#### [What you will do]
Find the line containing "配合世界心脏日的到来,红番茄" in the listing below; reproduce it and every line after, exactly. Skip pictures.

#### [Supplied material]
--- --- ---
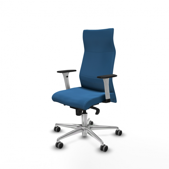 Piqueras y Crespo Albacete direcci?n sincro similpiel azul claro brazos 1D blancos base aluminio ruedas 65 engomadas
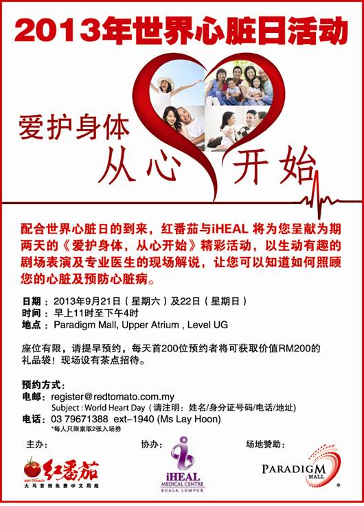 配合世界心脏日的到来,红番茄与iHEAL 将为您呈献为期两天的《爱护身体,从心开始》精彩活动,以生动有趣的剧场表演及专业医生的现场解说,让您可以知道如何照顾您的心脏及预防心脏病。
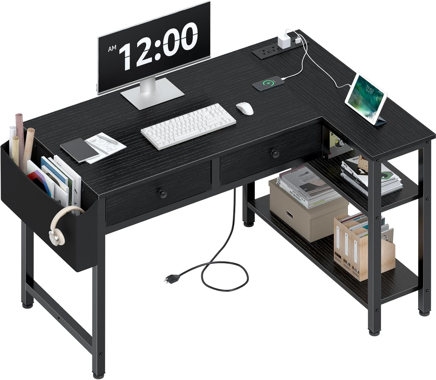 Black Corner Desk for Small Space with Drawers, Reversible Gaming L Shaped Computer Desk with Storage Shelves for Kids Boys, Corner Work Study PC Desks for Bedroom
--- --- ---
#### [Solution]
 配合世界心脏日的到来,红番茄与iHEAL 将为您呈献为期两天的《爱护身体,从心开始》精彩活动,以生动有趣的剧场表演及专业医生的现场解说,让您可以知道如何照顾您的心脏及预防心脏病。
 Black Corner Desk for Small Space with Drawers, Reversible Gaming L Shaped Computer Desk with Storage Shelves for Kids Boys, Corner Work Study PC Desks for Bedroom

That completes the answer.